Your goal: No pictures belong in the copy. Retype exactly, and only, the stretch of lines below from the one with "The river was" through the one with "Our Betsy Frilly".

Given data:
<<<<

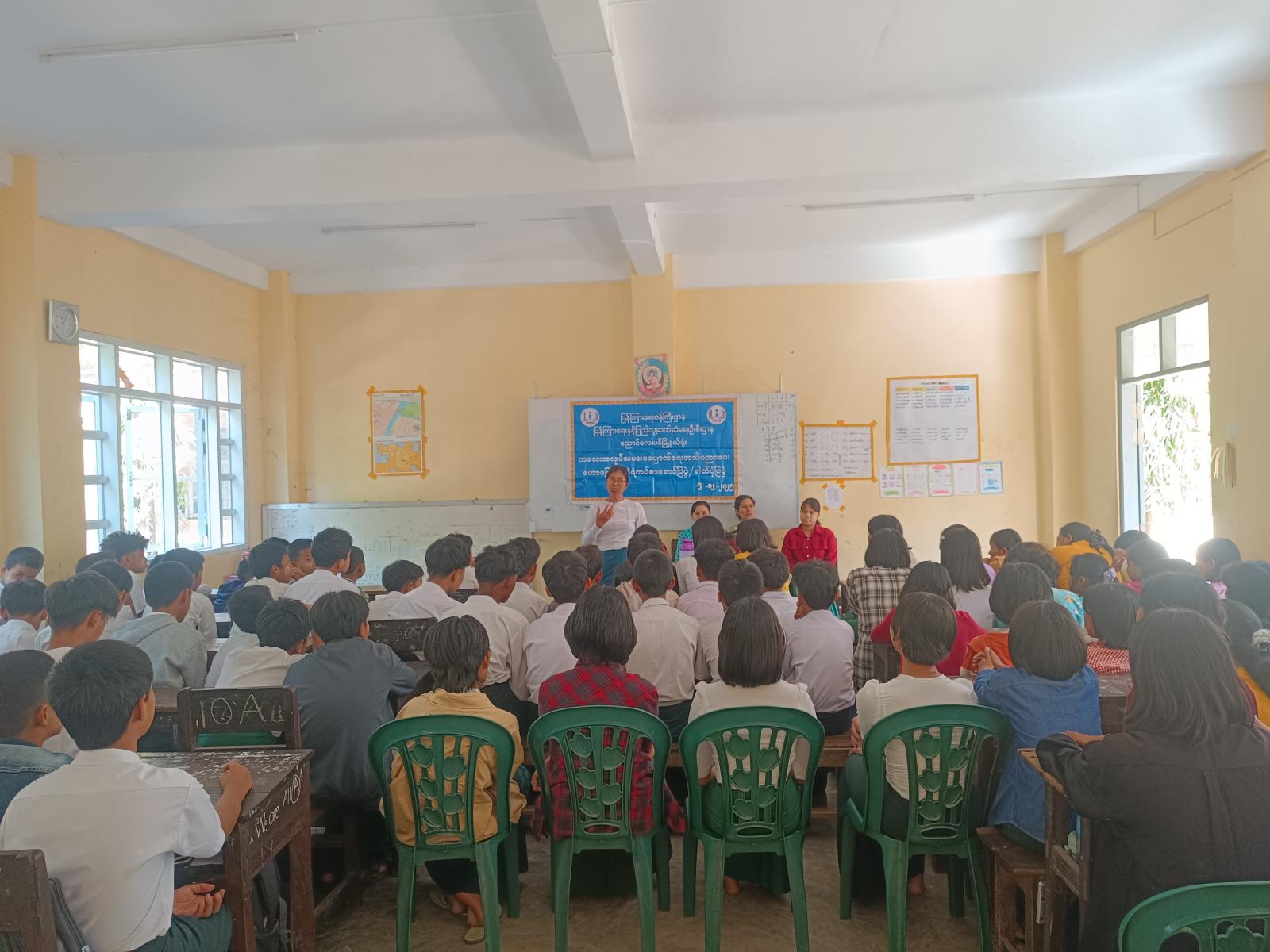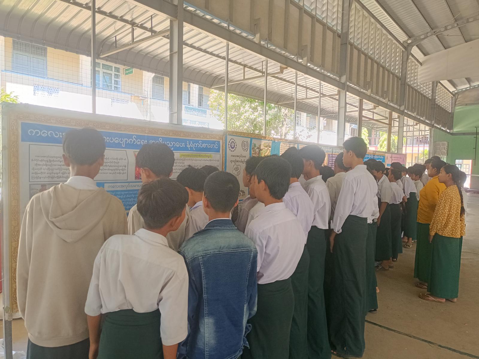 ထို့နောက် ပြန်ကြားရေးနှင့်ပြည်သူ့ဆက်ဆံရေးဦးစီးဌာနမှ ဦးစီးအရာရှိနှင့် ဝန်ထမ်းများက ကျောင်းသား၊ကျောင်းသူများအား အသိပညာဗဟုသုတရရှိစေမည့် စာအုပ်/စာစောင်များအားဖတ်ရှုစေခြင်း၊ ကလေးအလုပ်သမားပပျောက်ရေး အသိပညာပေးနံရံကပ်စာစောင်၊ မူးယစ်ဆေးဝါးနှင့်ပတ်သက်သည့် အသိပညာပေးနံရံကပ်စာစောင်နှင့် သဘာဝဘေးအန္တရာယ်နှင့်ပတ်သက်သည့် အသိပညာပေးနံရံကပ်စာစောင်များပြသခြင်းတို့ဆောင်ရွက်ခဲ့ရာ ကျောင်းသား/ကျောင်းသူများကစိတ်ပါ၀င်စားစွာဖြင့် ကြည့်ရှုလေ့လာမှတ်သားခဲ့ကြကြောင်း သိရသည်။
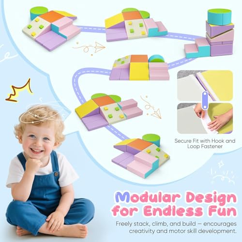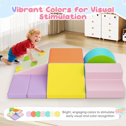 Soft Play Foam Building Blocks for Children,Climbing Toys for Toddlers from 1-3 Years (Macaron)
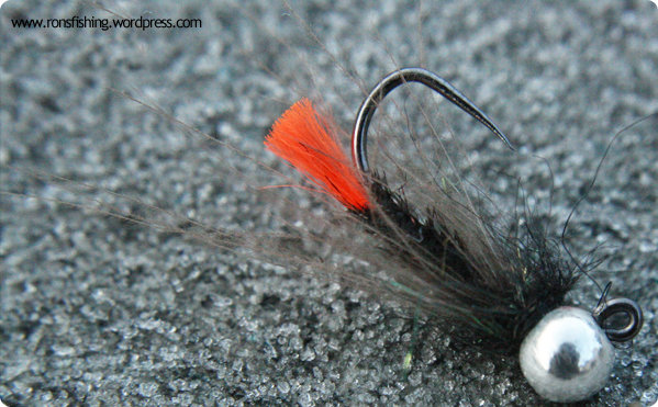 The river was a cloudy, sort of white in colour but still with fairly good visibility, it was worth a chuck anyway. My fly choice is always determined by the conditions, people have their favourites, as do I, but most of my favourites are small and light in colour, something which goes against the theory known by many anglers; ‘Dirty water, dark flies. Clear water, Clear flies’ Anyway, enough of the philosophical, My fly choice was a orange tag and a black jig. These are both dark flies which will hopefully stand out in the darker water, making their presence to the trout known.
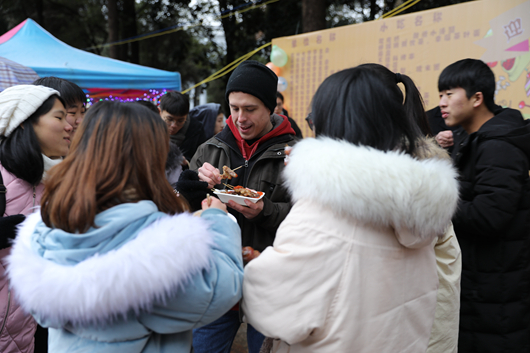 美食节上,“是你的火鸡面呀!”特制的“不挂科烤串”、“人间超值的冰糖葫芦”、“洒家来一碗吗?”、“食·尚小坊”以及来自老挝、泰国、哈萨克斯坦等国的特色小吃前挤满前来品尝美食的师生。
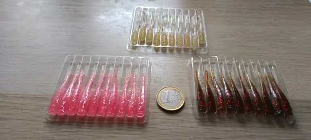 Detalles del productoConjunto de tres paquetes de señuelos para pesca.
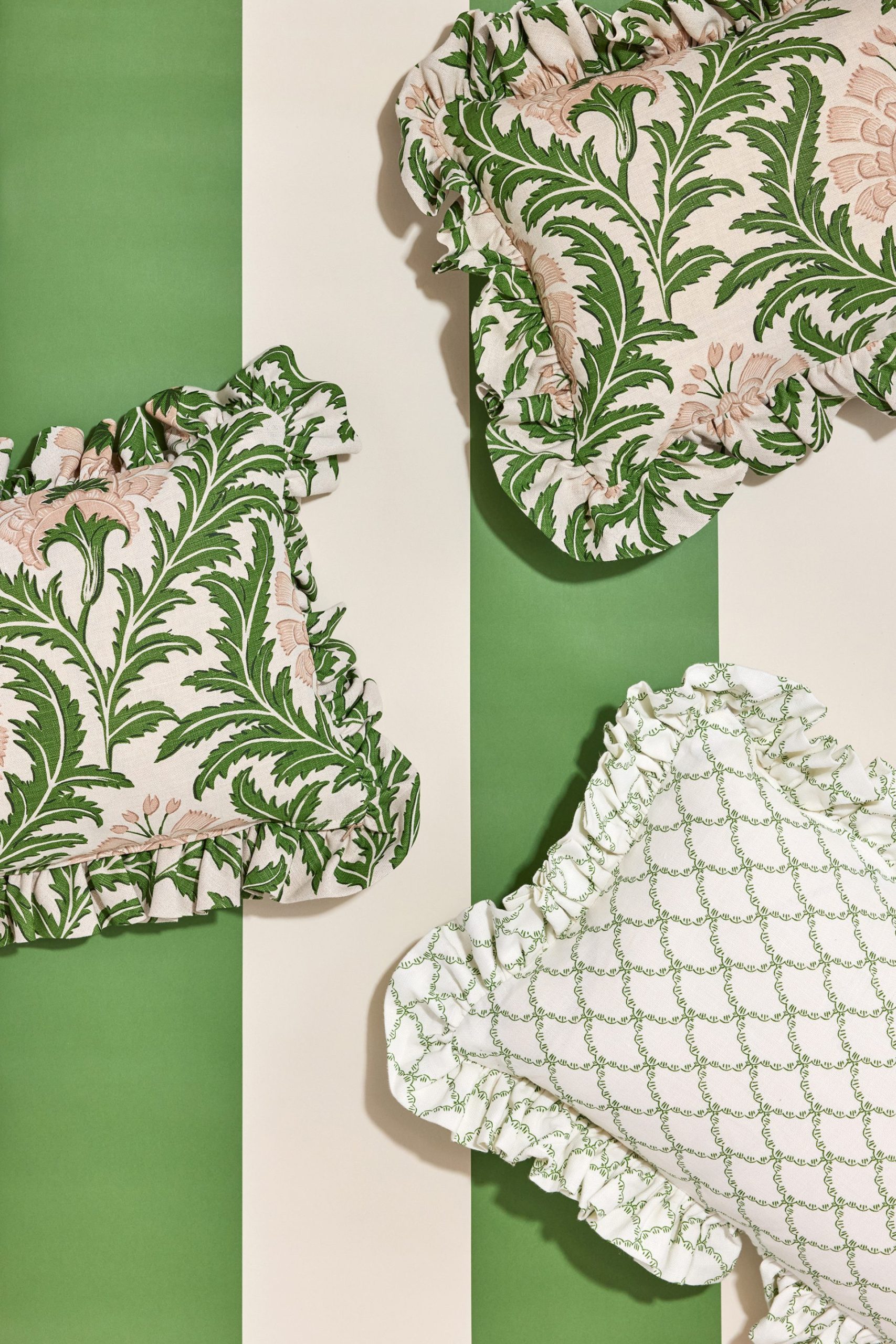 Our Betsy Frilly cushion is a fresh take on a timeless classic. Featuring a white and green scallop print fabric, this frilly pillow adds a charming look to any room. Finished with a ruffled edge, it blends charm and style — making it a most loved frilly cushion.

>>>>
<<<<

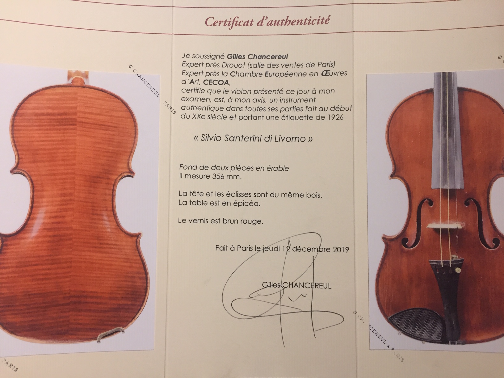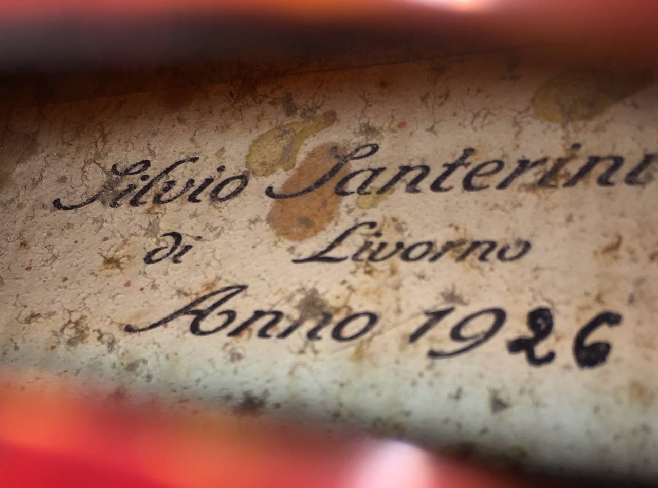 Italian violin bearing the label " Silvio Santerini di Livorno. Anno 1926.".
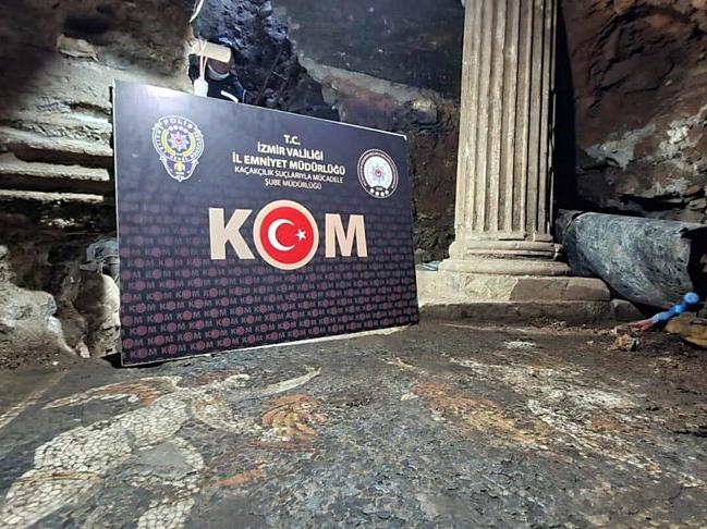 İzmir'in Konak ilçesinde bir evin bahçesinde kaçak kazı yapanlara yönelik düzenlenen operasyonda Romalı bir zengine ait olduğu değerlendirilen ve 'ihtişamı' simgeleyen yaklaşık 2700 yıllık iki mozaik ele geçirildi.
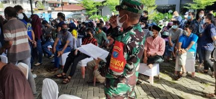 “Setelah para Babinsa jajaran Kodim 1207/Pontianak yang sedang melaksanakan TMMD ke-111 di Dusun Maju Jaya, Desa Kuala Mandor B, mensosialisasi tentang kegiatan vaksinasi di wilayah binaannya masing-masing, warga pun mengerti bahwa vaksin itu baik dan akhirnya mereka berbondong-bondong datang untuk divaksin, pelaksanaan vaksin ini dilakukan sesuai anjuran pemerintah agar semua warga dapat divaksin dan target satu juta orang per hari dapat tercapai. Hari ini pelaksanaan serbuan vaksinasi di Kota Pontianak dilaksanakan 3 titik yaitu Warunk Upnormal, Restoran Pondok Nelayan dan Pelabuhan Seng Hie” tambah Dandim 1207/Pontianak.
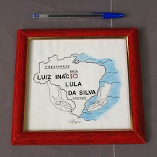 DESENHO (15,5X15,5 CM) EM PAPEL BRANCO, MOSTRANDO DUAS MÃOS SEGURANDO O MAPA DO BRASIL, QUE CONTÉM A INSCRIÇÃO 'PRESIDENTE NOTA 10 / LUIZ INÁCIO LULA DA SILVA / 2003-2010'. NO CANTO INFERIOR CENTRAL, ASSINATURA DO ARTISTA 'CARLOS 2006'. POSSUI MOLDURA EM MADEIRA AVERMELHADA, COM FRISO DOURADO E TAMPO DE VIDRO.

>>>>

Reply to the task:
 The river was a cloudy, sort of white in colour but still with fairly good visibility, it was worth a chuck anyway. My fly choice is always determined by the conditions, people have their favourites, as do I, but most of my favourites are small and light in colour, something which goes against the theory known by many anglers; ‘Dirty water, dark flies. Clear water, Clear flies’ Anyway, enough of the philosophical, My fly choice was a orange tag and a black jig. These are both dark flies which will hopefully stand out in the darker water, making their presence to the trout known.
 美食节上,“是你的火鸡面呀!”特制的“不挂科烤串”、“人间超值的冰糖葫芦”、“洒家来一碗吗?”、“食·尚小坊”以及来自老挝、泰国、哈萨克斯坦等国的特色小吃前挤满前来品尝美食的师生。
 Detalles del productoConjunto de tres paquetes de señuelos para pesca.
 Our Betsy Frilly cushion is a fresh take on a timeless classic. Featuring a white and green scallop print fabric, this frilly pillow adds a charming look to any room. Finished with a ruffled edge, it blends charm and style — making it a most loved frilly cushion.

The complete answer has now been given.